Superfeedr went down yesterday evening. We immediately saw that it was a database performance issue (MySQL), given that the load on our MySQL host was about 30+. Since we have 2 MySQL hosts (Master – Master replication), we switched to the second one, hoping that was just a problem on the host. No luck.
Finding the issue
Up until yesterday, our entry detection was was done by storing in Memcached and MySQL an unique identifier by entry. If the item was not present in Memcached, it would be inserted into MySQL, which has a unique index on these unique ids. The goal of that is that a check on Memcached is much cheaper than a check on MySQL. We had then a maintenance script that would clean up the entries that are old enough to not be considered new again.
When we investigated a little further yesterday, we found that the it was actually these INSERT queries on MySQL that were taking much longer than they should, and, worse, much more often than they should.
Logically, we checked our Memcached and found out that our caching mechanism didn’t work as expected: whether the unique entry was present in the cache or not, we would send the entry to be saved in MySQL. We fixed that. But the problem was still the same : way too many INSERTs in MySQL.

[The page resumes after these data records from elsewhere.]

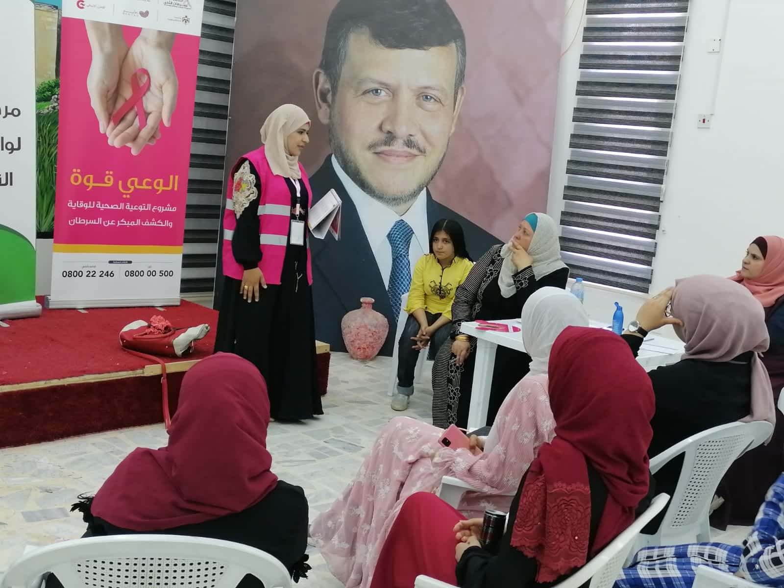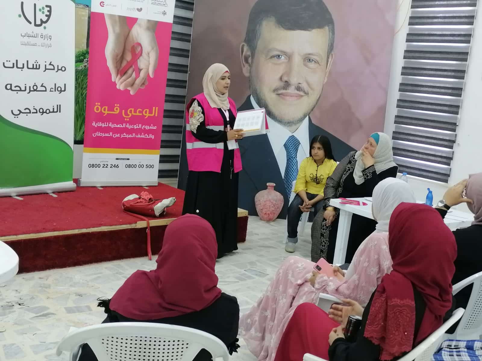 نفذ مركزي شابات كفرنجة النموذجي وشابات الهاشمية ورشة عمل توعوية صحية بعنوان" سرطان الثدي وعنق الرحم" بالتعاون مع البرنامج الاردني لسرطان الثدي_مركز الحسين للسرطان،بتدريب كل من اسلام المومني و آيه ربابعه بمشاركة 15 شابة في كل مركز ضمن الفئة العمرية 15_25 عاما
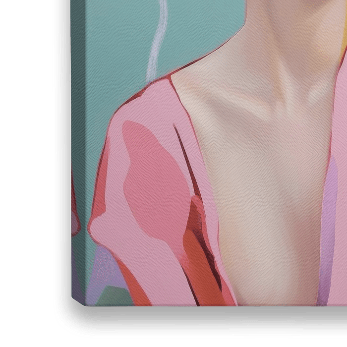 Kleurrijk portret, illustratie in knalkleuren. Houd jij van echte blikvangers in je interieur? Dan is dit werk helemaal voor jou. Voor de echte durfals die iets anders dan anders aan de muur willen.
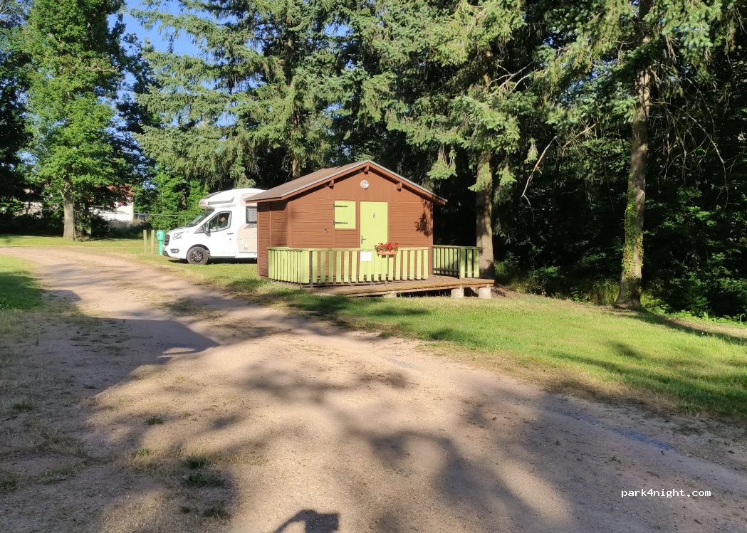 Cheap Aire €12 in the winter, can fill water and empty toilet and includes electric hook up. No toilets in winter. Nice walks in the woods from the campsite.
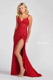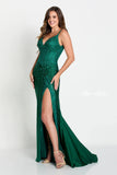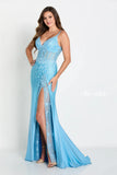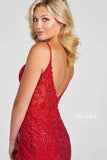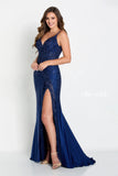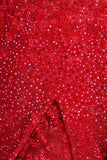 Captivate the room in this glitter prom dress with a square neckline, lace-up back, and a slit.
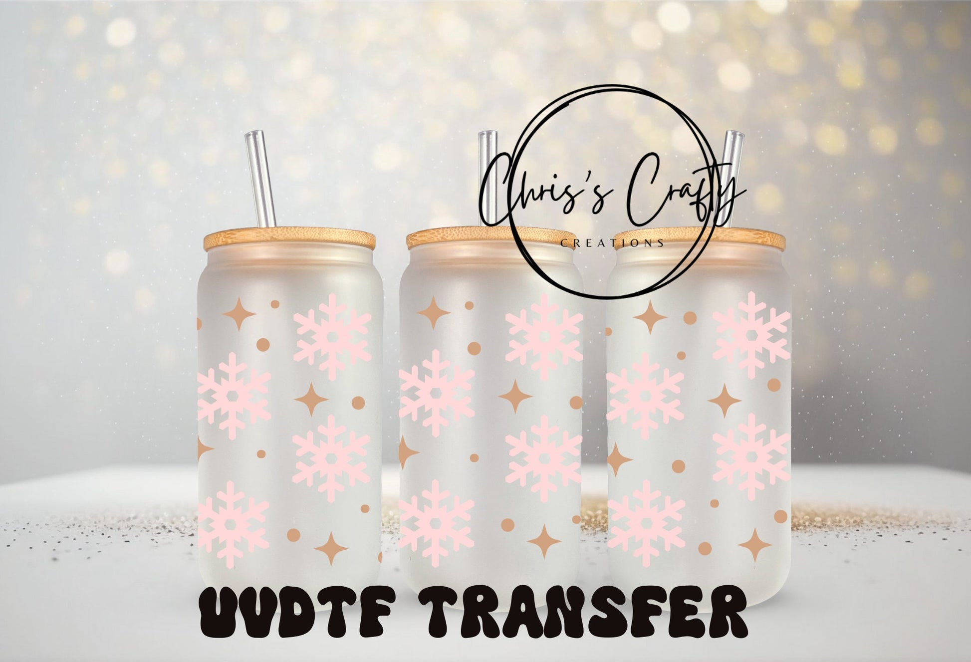 UVDTF Wrap Pink Snowflakes 16oz Can Glass Mug Tumbler, Ready to Apply, Permanent Waterproof Adhesive
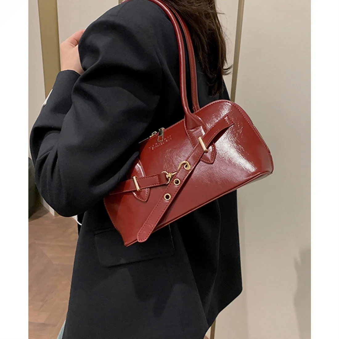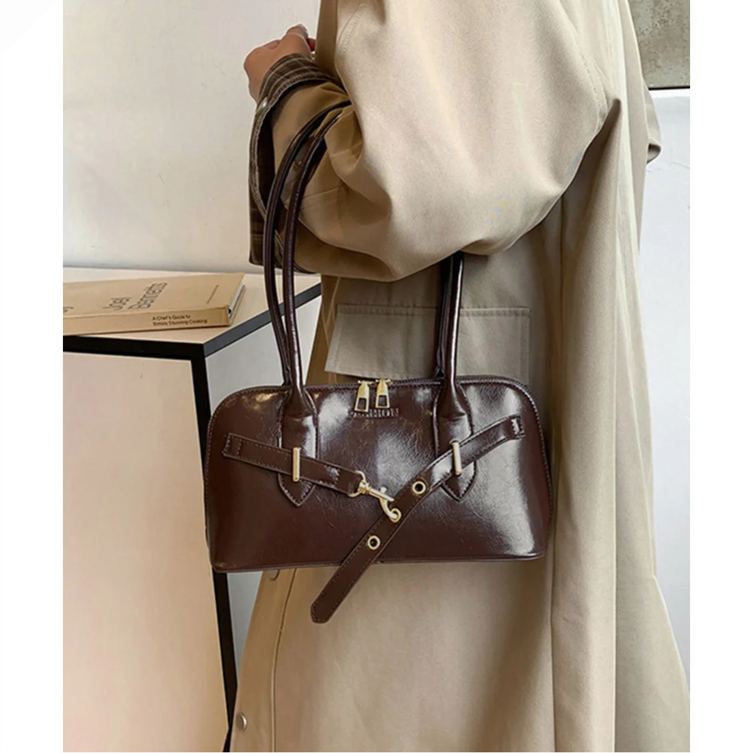 Retro PU Leather Solid Color Underarm Bags for Women Y2K Trend Ladies Shoulder Bag Females Handbags and Purses Tote Bag
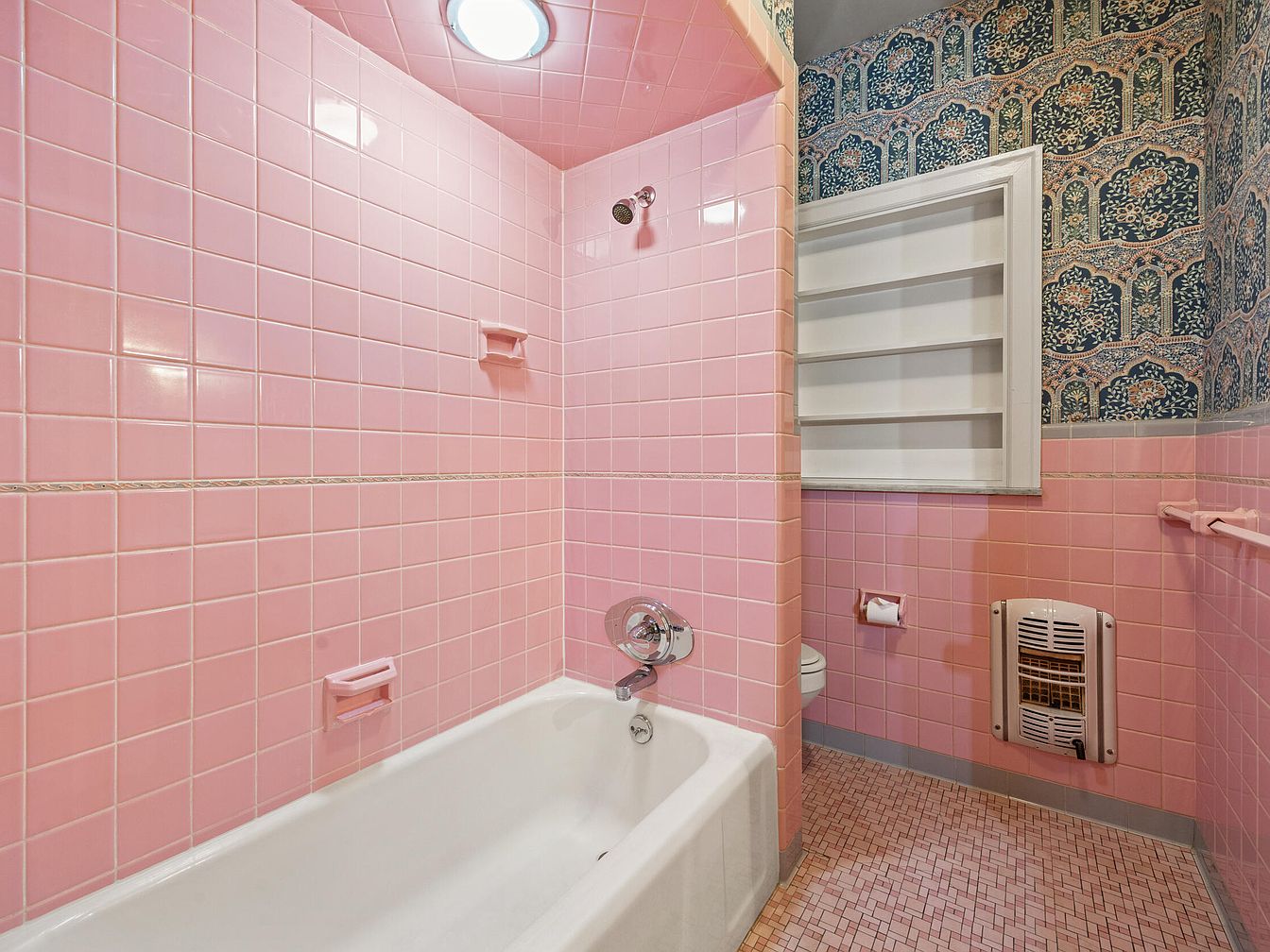 This vintage bathroom features vibrant pink tiles adorning both the walls and the shower area. A pink tub with subtle curved edges sits along the far wall, complemented by shiny chrome fixtures. The color scheme radiates a soft, nostalgic charm, enhanced by delicate white accents around the bathtub and throughout the room. A patterned wallpaper above the tiled section introduces a lush blue and floral motif, adding depth and character to the space. The flooring is a mosaic of light pink and cream tiles, while a slim shelf and pink towel holder provide practical touches, balancing functionality with retro aesthetics.

After checking Memcached into more details, we figured out that our keys were “disappearing”. Looking at Memcached’s FAQ was helpful. We indeed had a flush somewhere, that we had forgotten about. Removing the flush was good. The load on MySQL started to decrease, but not enough.
There was a problem with MySQL. Another proof of that is that the 2 issues we had in our cache system had been here for weeks.
After checking the entries table, it had about 65 Million rows, 12GB Data and a 15GB Index. Every time we insert a row, it has to check the keys. And since we’re inserting about 100 new rows per seconds, even small operations start to become too heavy, specially if they involve disk access (we don’t have 15GB RAM on the MySQL host).
We had to clean this table. It was easy to see that some feeds had more than 1M entries in MySQL. We started some queries to clean them up. It took 7hours and didn’t complete. We needed to be back up faster than that.
Fixing the problem
Here is what we did : we changed the way we store entries in MySQL. Instead of cleaning them only once they’re too old, we only keep in the cache a handful of entries : twice the size of the feed actually, so that we don’t store millions of useless entries, and we clean these entries each time we add some.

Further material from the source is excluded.